Thursday, December 16, 2010

Honey, I'm Home

Holy mortgage payments, Batman!! Pat owns a house. Stay tuned for updates coming soon!


Saturday, September 11, 2010

9-11 Remembrance

Please, Lord, this...
...not this....


Sunday, August 8, 2010

Journey To a Consecration in Navajoland

Just home from Navajoland, the Shiprock and Farmington area to be more precise.

I had the pleasure of traveling with 40 good souls from St. Stephen's Episcopal Church, Trinity Cathedral and other valley churches. David Kaiser was our trusty "motor coach (not bus!) operator". Janet Kaiser was our very able organizer and Cruise Director.

Our journey's purpose was to celebrate the consecration of David Bailey as bishop of the Navajo Area Mission.

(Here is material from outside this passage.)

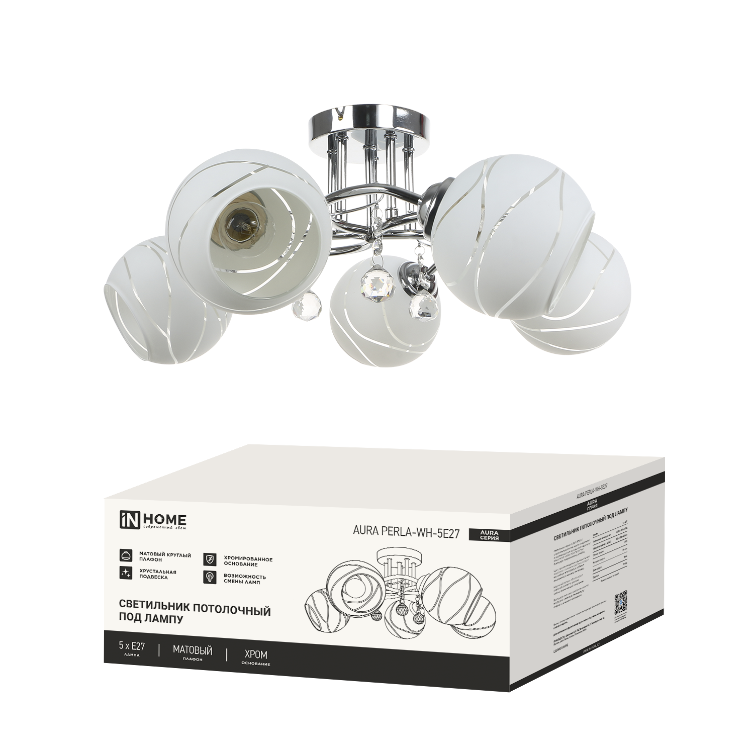 Светильник потолочный под лампу AURA PERLA-WH-5E27 5хЕ27 матовый плафон хромированный корпус IN HOME

Pictures and more information are at Flickr.com under my files as Patinphx.

Sunday, August 1, 2010

Cathy Eden for US Senate

I'm stumping by telephone for Cathy Eden, the only woman candidate on the Democratic primary ballot.

It ain't easy.

First my only working phone is my cell phone. And because I don't have the company with the best coverage, I must call from the front porch in order to get calls to go through.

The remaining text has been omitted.